Small number of deaths recorded among older, frail patients who received first shot are to be expected and show vaccines working as predicted, experts say
A “very low” number of vaccinated patients are being admitted to hospital, scientists have said, in what is seen as confirmation that the Covid-19 jabs are working as expected within the community.
The clinical trials used to assess the safety and effectiveness of the vaccines showed that they are capable of offering high levels of protection against infection, hospitalisation and death.
This is being represented in real-world data accumulated and assessed by scientists.

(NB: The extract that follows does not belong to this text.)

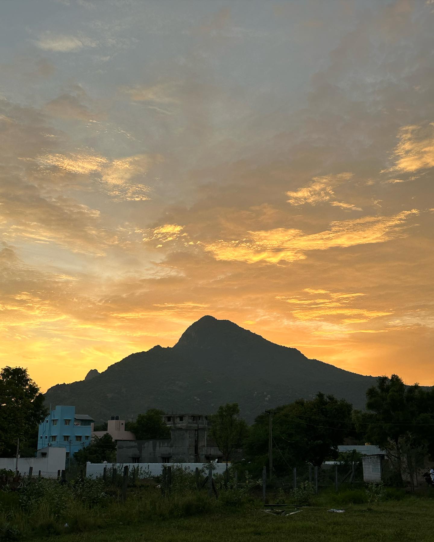 そして今朝。アルナーチャラ山の背後から、朝日が登るころに、ホテルを出発。
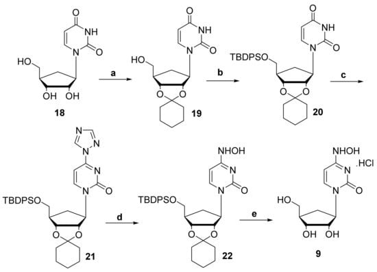 Compound 9, the carbocyclic version of NHC, was prepared by following the chemistry described in Scheme 3. Carbocyclic uracil analog 18 [21] was 2′,3′-protected using cyclohexanone in the presence of p-toluenesulfonic acid (p-TSA) and then 5′-protected using tert-butyl(chloro)diphenylsilane (TBDPSCl) in the presence of 4-dimethylaminopyridine (DMAP). Compound 20 was then reacted with POCl3 and 1,2,4-triazole in the presence of triethylamine to form 4-triazolo intermediate 21 which was reacted with hydroxylamine and then deprotected under acidic condition to obtain the desired compound 9.

For now, it is specific to patients who had only received one vaccine dose.
Analysis conducted by the government’s Scientific Advisory Group for Emergencies (Sage) has found that out of 52,000 patients who were admitted to hospital between 8 December and 10 April, 3,598 had received the first dose of a Covid-19 vaccine.
For most of these patients, the time between vaccination and hospital admission was up to 15 days, where infection occurred before immunity had developed, the UK study showed.
The researchers said that there is a possibility that vaccinated elderly and vulnerable people may have been been exposed to the coronavirus after wrongly assuming they were immune.
Calum Semple, professor in child health and outbreak medicine at the University of Liverpool, who co-led the study, said: “Many people are acquiring Covid within two weeks of being vaccinated, which does indicate that people are letting their guard down.
“There is evidence here that people are, unfortunately, assuming that they are protected very quickly after vaccination and that is not the case.”
Of those vaccinated, 526 people with a positive Covid-19 test were admitted to hospital more than 21 days after receiving their first dose, and 113 died.
The experts said these cases represent vaccine failure, which occurs when a person contracts a disease in spite of being vaccinated against it.
Dr Annemarie Docherty, an honorary consultant in critical care at the University of Edinburgh, and study co-author, said: “Our take-home messages are that this is some real world data, which does show some vaccine failure, but this is not unexpected, and reflects what the [clinical] trials have shown.”
However, she added that their data may be under-representing vaccine failure, as the risk of Covid-19 exposure has reduced since early January when infections were at a peak.
Dr Docherty said: “The one caveat is that [while] lots of people have been vaccinated recently, their risk of exposure to Covid is much lower than it was in January and February.
“So whilst we think this is good news, potentially we are under-representing vaccine failure, because people aren’t exposed to the virus.”
She said their study only recruited patients who were admitted to hospital and may not reflect vaccine effectiveness within the wider community.
Prof Semple said the group’s analysis was designed to give “a very early signal on whether vaccines were working in the real world”.